Кирхайс был согласен с точкой зрения лейтенанта. Безусловно, преданность никогда не отдавалась безоговорочно. Необходимо, чтобы получатель был достоин её.
— Что ж, хорошо. В таком случае, я прошу вашего сотрудничества. Отправьте сообщение людям в крепости и предложите им сдаться.
— Будет исполнено… — в глазах лейтенанта мерцали сложные чувства. — Если хотя бы пять человек в крепости разделят наше мнение, то Литтенхайму недолго осталось носить голову на плечах.
Вся крепость затаила дыхание. Её командующий, маркиз Литтенхайм, был охвачен ужасом от надвигающегося поражения.
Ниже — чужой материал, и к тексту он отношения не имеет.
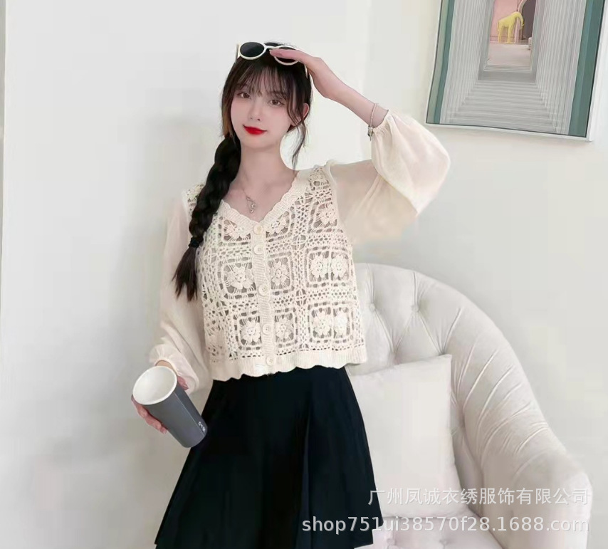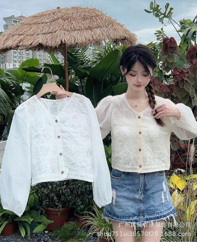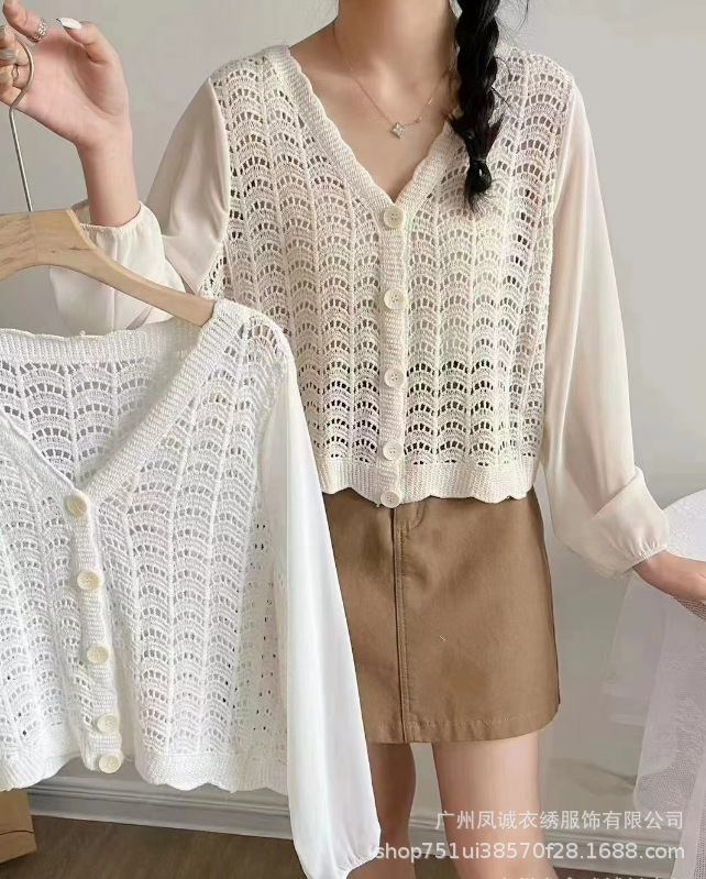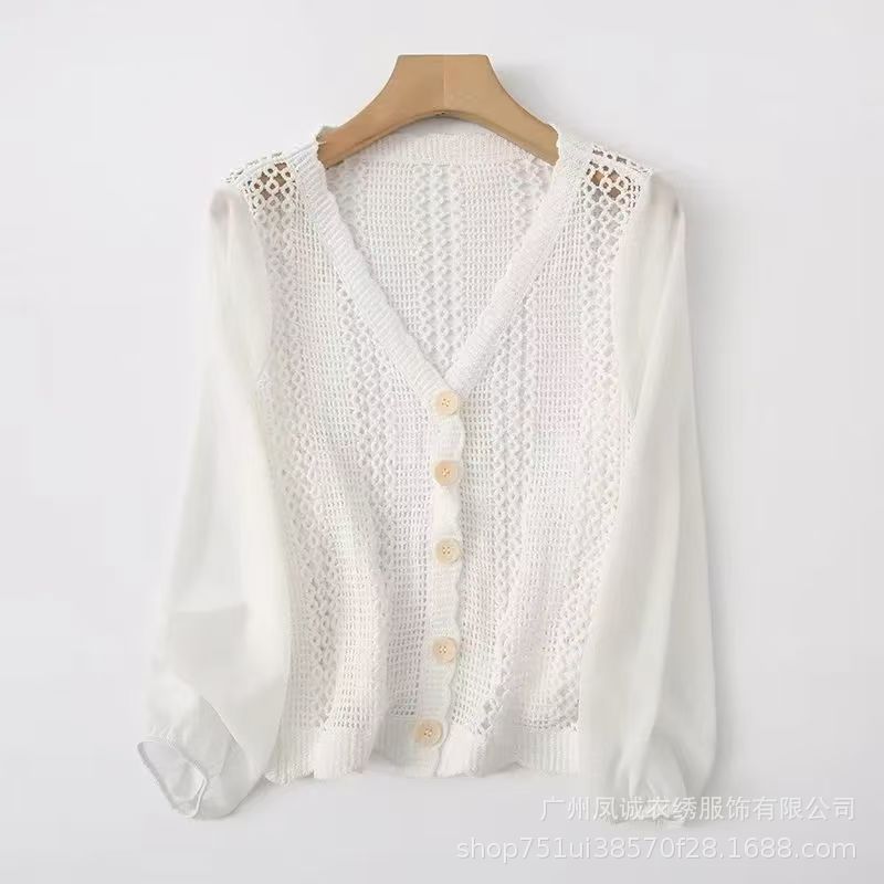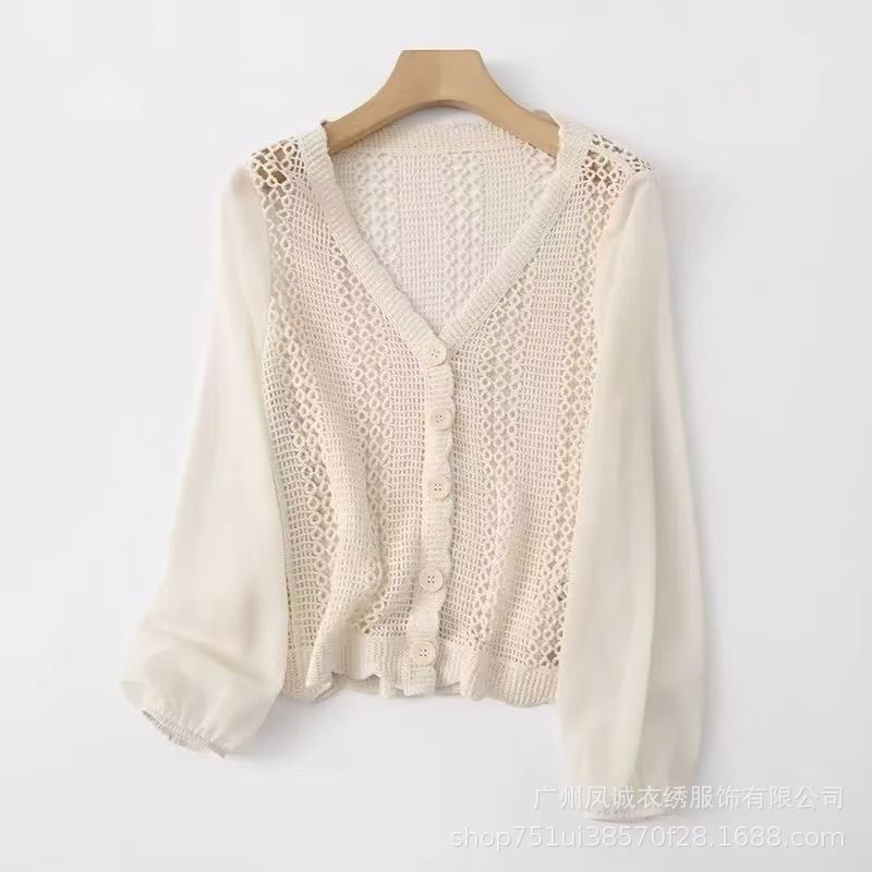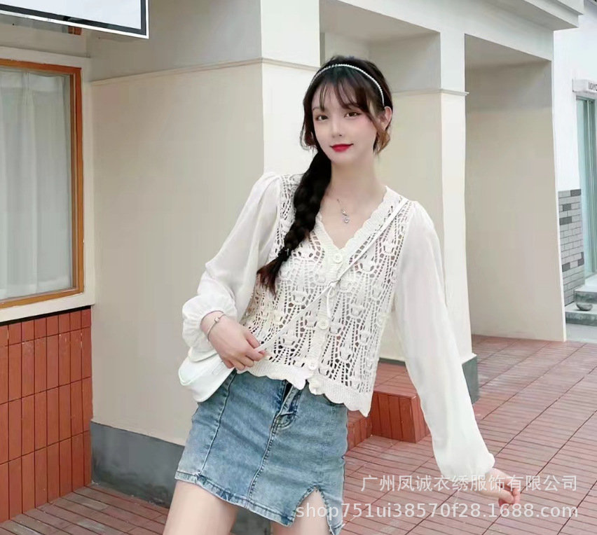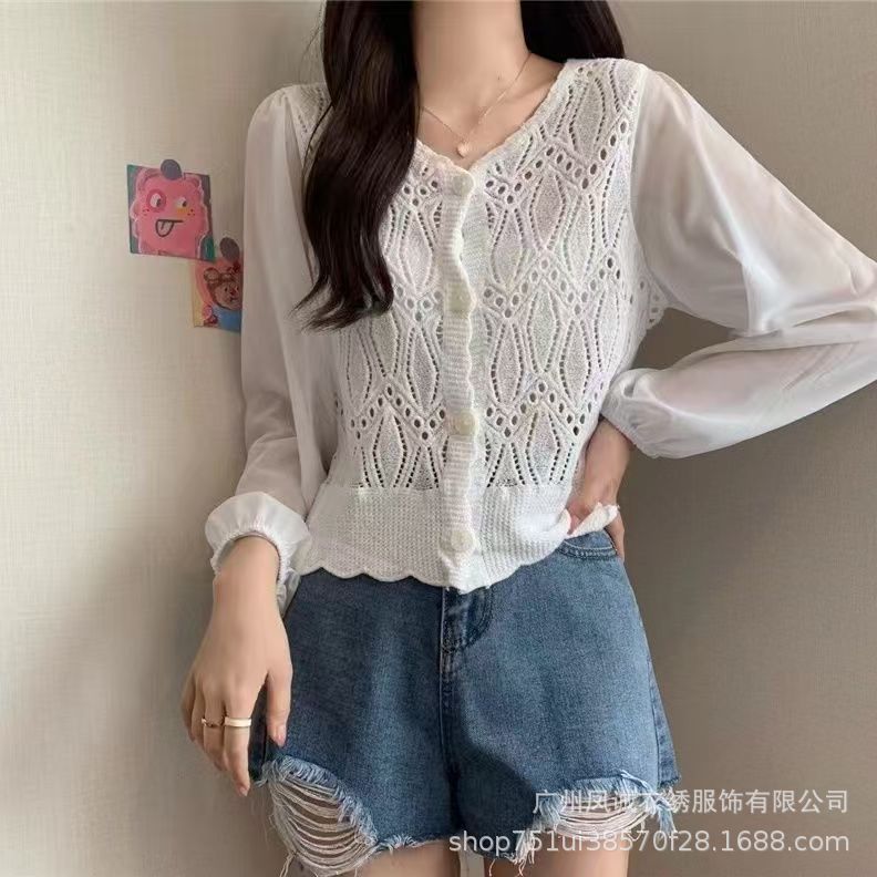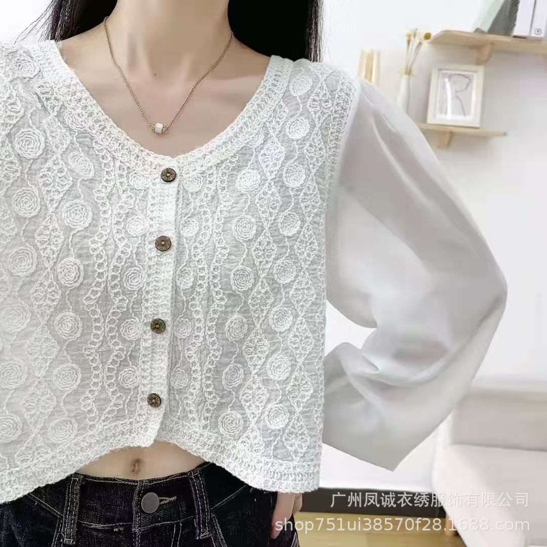 에스닉 스타일 여름 새로운 스플 라이스 v 넥 쉬폰 긴 소매 레이스 셔츠 니트 랜턴 슬리브 얇은 탑스토어 가기

Кроме того, он испытывал стыд за своё поведение и потерю лица перед Брауншвейгом и искал утешения в бутылке.
Прошло около половины суток с побега Литенхайма, когда один корабль, сумевший избежать преследования Кирхайса, наконец, добрался до крепости, и перед маркизом появился одинокий офицер.
На голове его была пропитанная кровью повязка, а а сам он заметно кренился вправо под весом тела — по правде говоря, лишь его верхней половины — висящего на плече.
Этот неуклюже двигающийся офицер молча прошёл по коридорам, никто не осмелился к нему обратиться. Остановившись перед охранниками, стоящими у дверей кабинета маркиза, он произнёс:
— Я капитан третьего ранга Радитц из снайперского батальона Везеля. Я хочу увидеть маркиза Литтенхайма.
Начальник караула прочистил горло.
— Я был бы рад доложить о вас, но вы сейчас так грязны и покрыты кровью, что я не могу позволить…
— Грязен, говоришь?! — глаза капитана гневно вспыхнули. — Грязен! Ты говоришь об остатках подчинённых маркиза! Это мои люди рисковали жизнью на поле боя, сражаясь с врагом, чтобы маркиз Литтенхайм мог уйти!
Опасаясь решимости капитана и трупа в его руках, охранники отпрянули в стороны, когда Радитц двинулся вперёд.